* [What the task asks]
Exclude images; transcribe the rest of the data exactly.

* [Provided material]

---------------

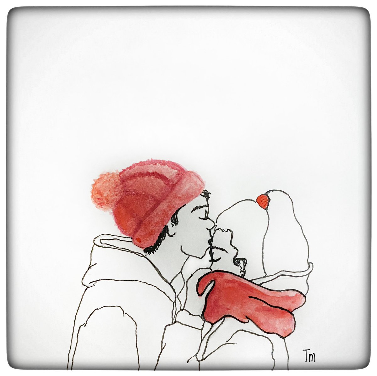 Inktober 2021 Day 21: Fuzzy Forehead kisses are the best. They give a warm fuzzy feeling all over. 🥰 #inktober #inktober2021 #fuzzy #winter #love #arttherapy #pensketch #watercolourpainting #watercolorpainting #foreheadkisses
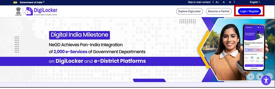 - Step 01: Visit the DigiLocker Portal at https://www.digilocker.gov.in/
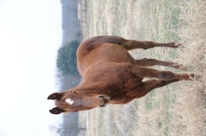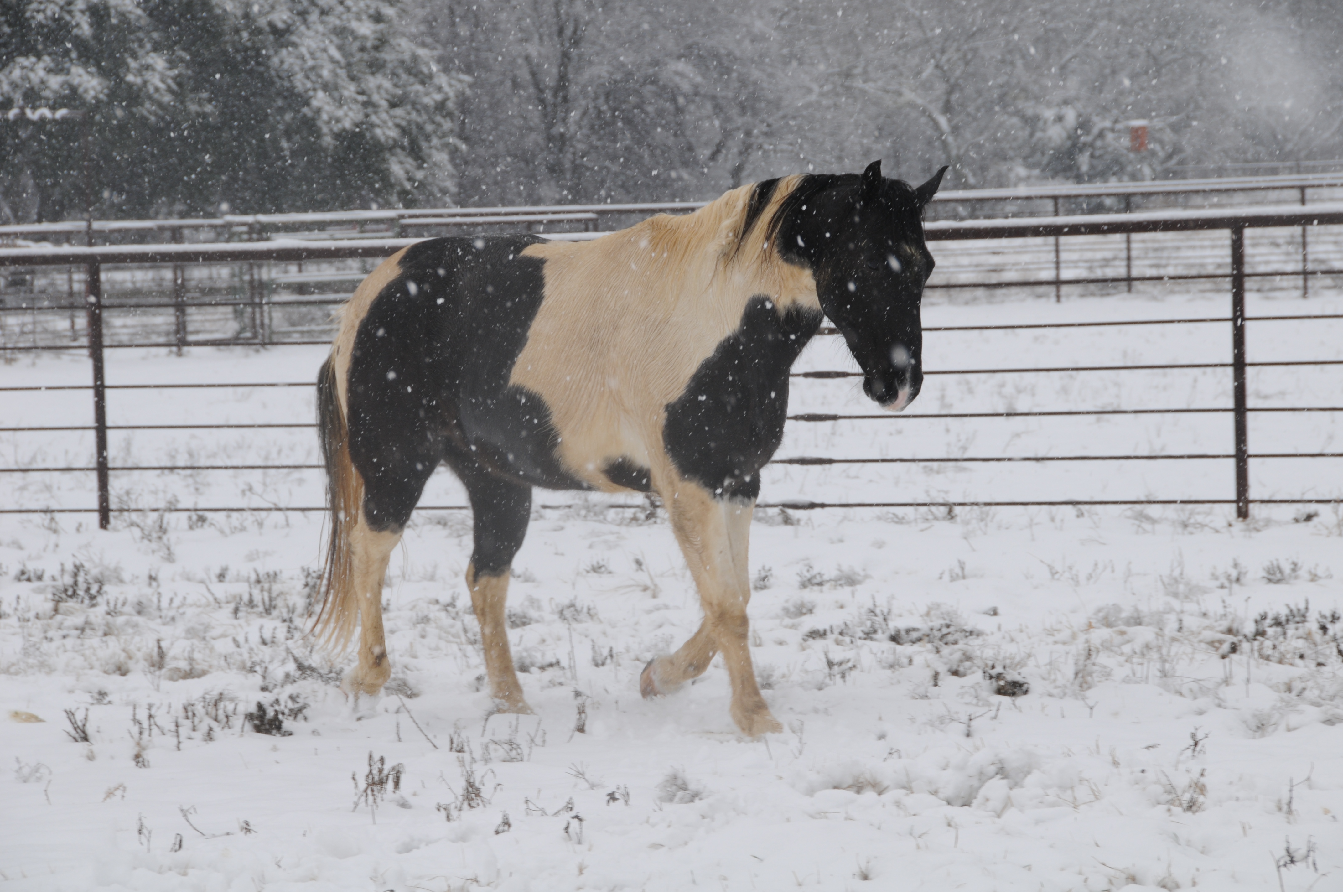 Star is a gelding and the baby-sitter for Shiney. Star and Shiney inhabit the large outdoor arena and are given to playing many games of “Gotcha,” a variation of tag. Star is a large horse. I often refer to him with affection: The Beer Wagon Horse. Star is the son of Lilly. Star is known far and wide as the levitating horse of Flying Hat — check a previous post this winter on the blog.

---------------

* [Worked solution]
 Inktober 2021 Day 21: Fuzzy Forehead kisses are the best. They give a warm fuzzy feeling all over. 🥰 #inktober #inktober2021 #fuzzy #winter #love #arttherapy #pensketch #watercolourpainting #watercolorpainting #foreheadkisses
 - Step 01: Visit the DigiLocker Portal at https://www.digilocker.gov.in/
 Star is a gelding and the baby-sitter for Shiney. Star and Shiney inhabit the large outdoor arena and are given to playing many games of “Gotcha,” a variation of tag. Star is a large horse. I often refer to him with affection: The Beer Wagon Horse. Star is the son of Lilly. Star is known far and wide as the levitating horse of Flying Hat — check a previous post this winter on the blog.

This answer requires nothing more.